Donate

Я наблюдаю, следовательно, мне что-то надо

Роман Шорин15/01/18 11:11768

Чистое (не таящее в себе корысть) наблюдение невозможно.

Если начать приближение к этому выводу издалека, то если чистое наблюдение и возможно, то исключительно в двух случаях. Либо наблюдаемое — никакой не объект, а целое. Либо целым оказывается сам наблюдающий. Во всех остальных раскладах наблюдение не будет чистым — мы будем не просто внимать, но примерять, прикидывать, пытаться что-то извлечь или к чему-то приспособить.

Однако, берем первый случай, если наблюдаемое — не объект, а целое, то ему не требуется никакой наблюдающий субъект и оно его, стало быть, упраздняет. Однако, берем второй случай, если целым оказывается наблюдающий, тогда рядом с ним — как с целым — не оказывается никаких объектов.

Первый случай, это когда мы наблюдаем нечто, вдруг раскрывшееся, представшее перед нами цельным, самостоятельным миром — скажем, некую гармонию. Поскольку в словах «представшее перед нами цельным миром» содержится противоречие (цельному миру должно быть не перед кем представать), наблюдение оборачивается совсем иным явлением — уступкой себя тому, что обнаружилось как целое.
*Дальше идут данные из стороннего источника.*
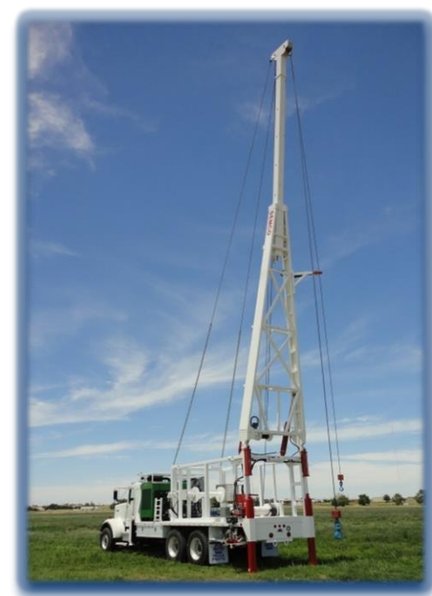
SEMCO S30,000 PUMP HOIST
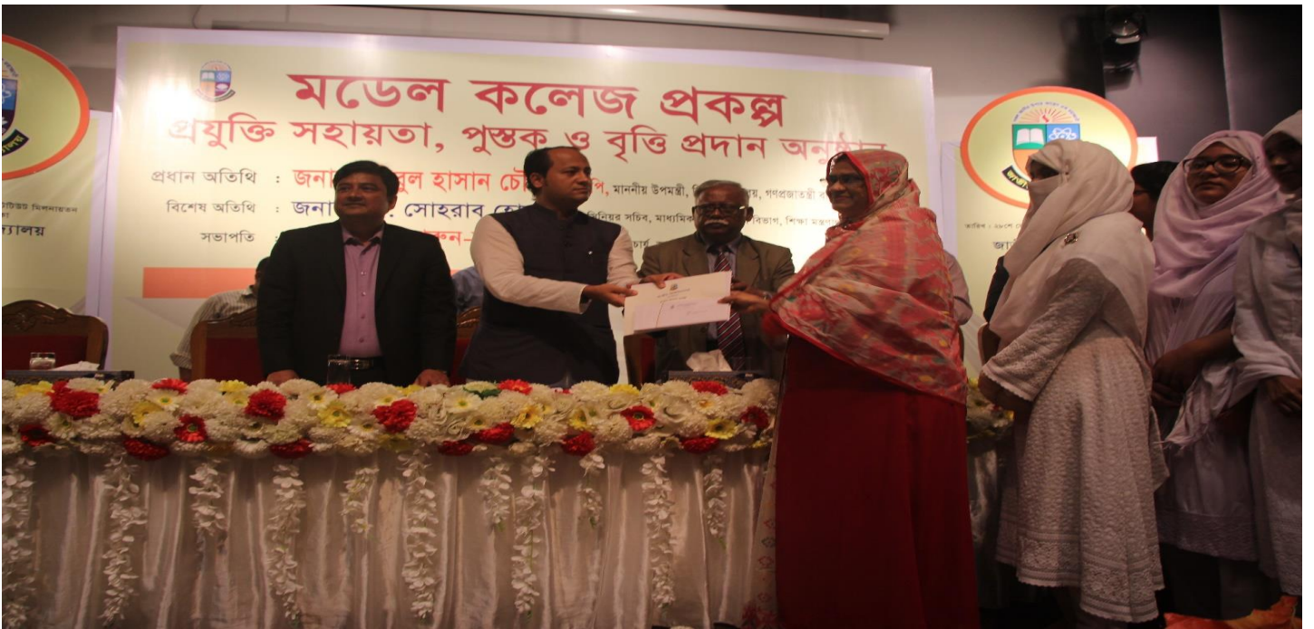
Scholarship Giving Program
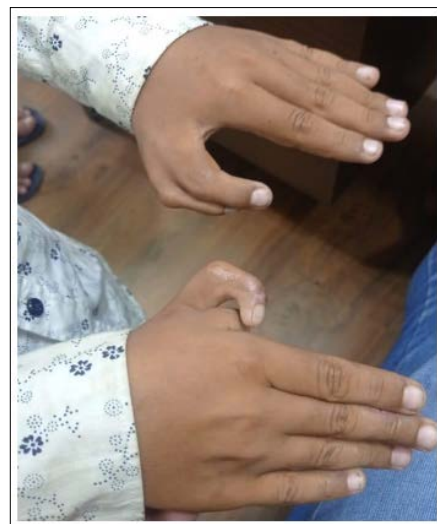
Figure 1: Showing Polydactyly

completely descended normal appearing testis. Skeletal survey showed congenital reduction deformities of both feet. Abdominal ultrasonography revealed bilaterally small kidneys with altered CMD. The bipolar measurement of right kidney was 4.5cm and left kidney as 4.3cm. There was no similar history in his family. On investigation, Haemoglobin was 9 gm/dl, TC of WBC was 13000/mm, platelet count 160000/mm [3]. Serum creatinine was 3 mg/dl, sodium was 134 mEq/L, potassium was 4.8 mEq/L. His visual acuity and fundus examination was reported to be normal. His echocardiography revealed no significant heart anomalies. He was managed on the lines of chronic kidney disease and is being followed up with renal function tests periodically.
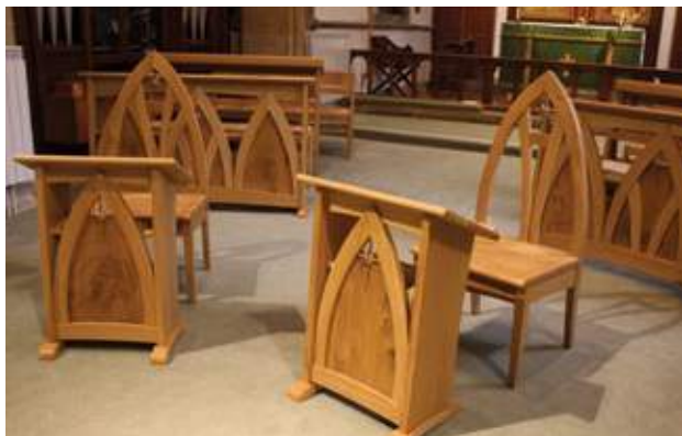
St Mary's, Princes Risborough Elegance accentuated by gothic curves, using the pilgrimage star cast in bronze as a central feature.

Clergy chairs and litany desks form part of the architecture of the sanctuary space and as such should be formal in character and have weight and presence whilst complementing the aesthetic and style of their setting. Great cathedrals, ancient chapels and modern churches have all commissioned Treske to design and make unique furniture which matches the special occasions of ritual and ceremony for which they are required.
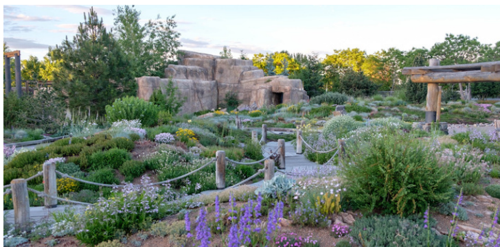
The mixed intensive-extensive green roof at Denver Botanic Gardens.

Increase in property values with a corresponding return in property taxes to the city
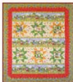
Rhyme Time Stars 54" x 63" $65.00 Pattern Included

Vicki Bellino and Marcus Fabrics have joined forces to bring us a beautiful Christmas Block of the Month. Vicki's creative use of the Strip-It fabrics creates half-square triangles in a fraction of the time. This quilt uses easy piecing and is perfect for all skill levels. The quilt finishes at 62" square and is $25.00 per month for six months.
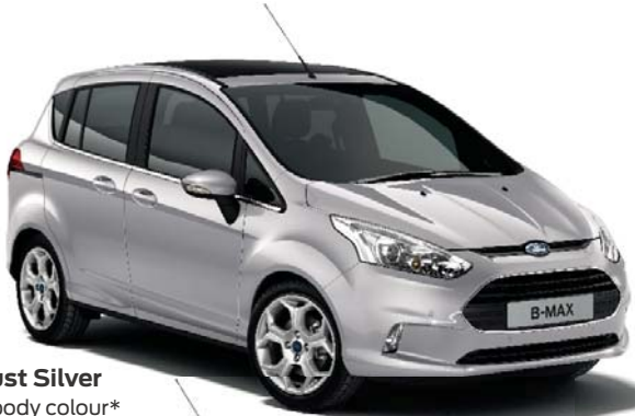
Moondust Silver Metallic body colour*
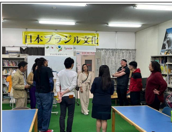
March 24 【Observation】 Brazilian Plaza
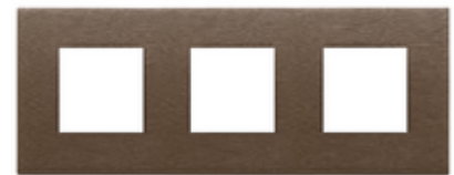
Plate 6M(2+2+2)x71mm metal dark bronze

Wiring devices / Traditional wiring devices / EIKON / Cover plates
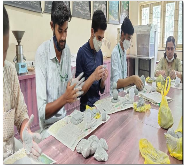
Eco Friendly Ganesh Murti Preparation workshop Organised by K. K. Wagh College Of Agriculture On 17th August, 2021.
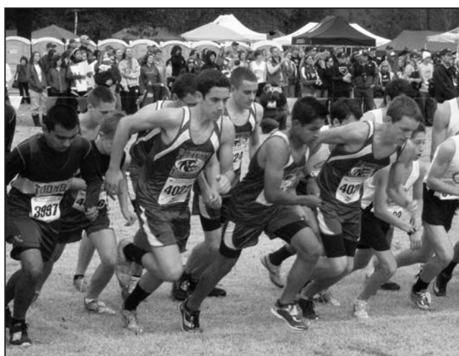
The Panthers were off to a fast start.
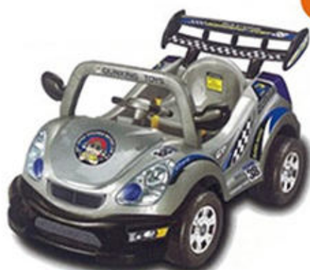
PC-7111 L95 x W62 x H53CM
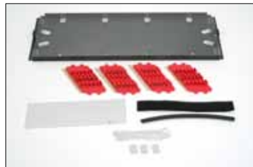
3M™ Fiber Optic Splice Tray 2527

3M, SLiC and Scotchlok are trademarks of 3M Company.
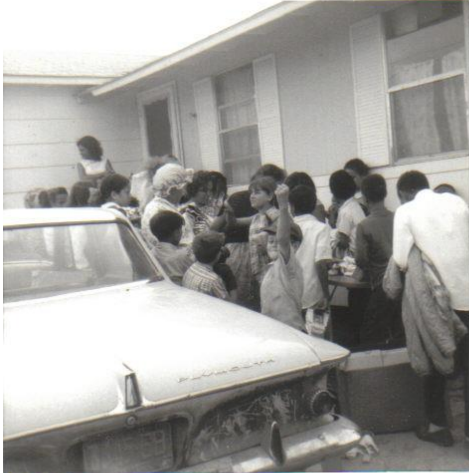
Figure 2.1 Four Holes School Children Gathered in the Four Holes Community
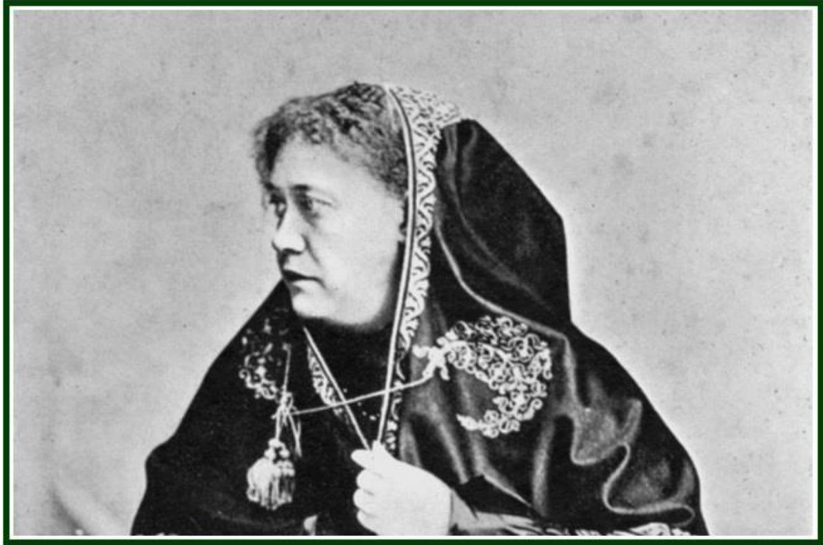
H.P. Blavatsky (1831-1891)
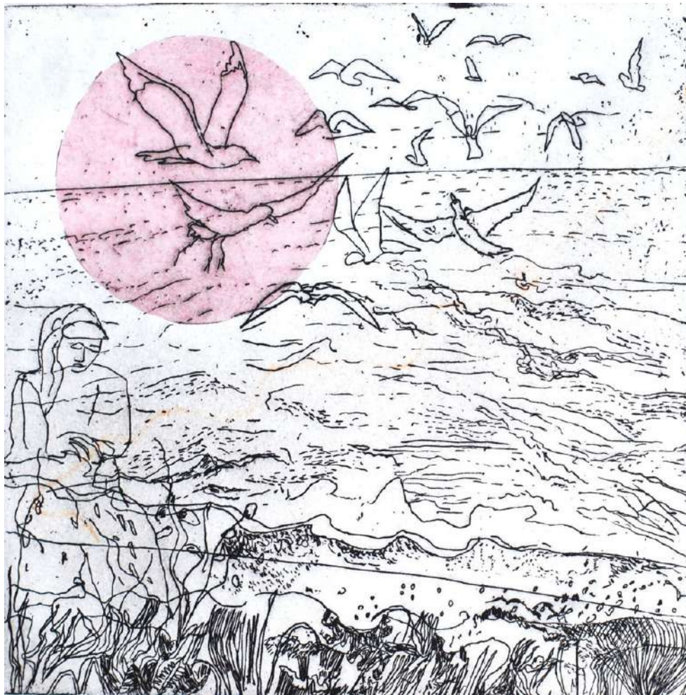
15. Gathering , 2020.
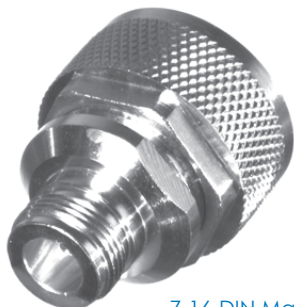
7-16-DIN Male to N Female RFD-1671-2
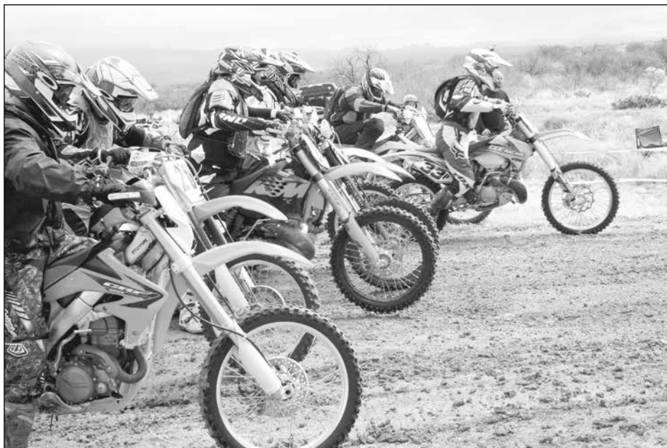
And the riders are off. The start of the 2013 Copper Classic. (File photo)

Приведем пример. Поразил нас кто-то своей душевной красотой, мужеством или свободой — и мы смотрим на него так, словно мы бесплотны, словно нет у нас своих забот и интересов. Конечно, мы можем вовсе не отозваться на красоту как красоту, но если все–таки отозвались, то всегда как чистый, не пытающийся что-то из нее извлечь, ни на что не претендующий, просто так дарящий свое внимание свидетель. Который — именно в силу его предельной чистоты — скорее вообще отсутствует, нежели присутствует. Который оказывается лишней сущностью, потому как параллельно с бытием красоты как целого не может быть никакого другого процесса — скажем, ее наблюдения. Наблюдение красоты — всего лишь некорректное описание ситуации приобщения к ее бытию. Наблюдения красоты не происходит ни секунды — мы сразу же проваливаемся, вбираемся в нее как в единственное, что имеется или происходит.

Считается, что для того, чтобы узреть истину, нужно отбросить все свои желания, интересы, ожидания и расчеты. Если уж договаривать, то нужно отбросить всего себя, ибо что мы без вышеперечисленного? Если уж договаривать до конца, то условием проявления истины является полное устранение всех зрителей или наблюдателей, ибо она есть лишь тогда, когда она есть безотносительно кому- и чему-либо; когда, другими словами, она есть как единственное — как все, что есть.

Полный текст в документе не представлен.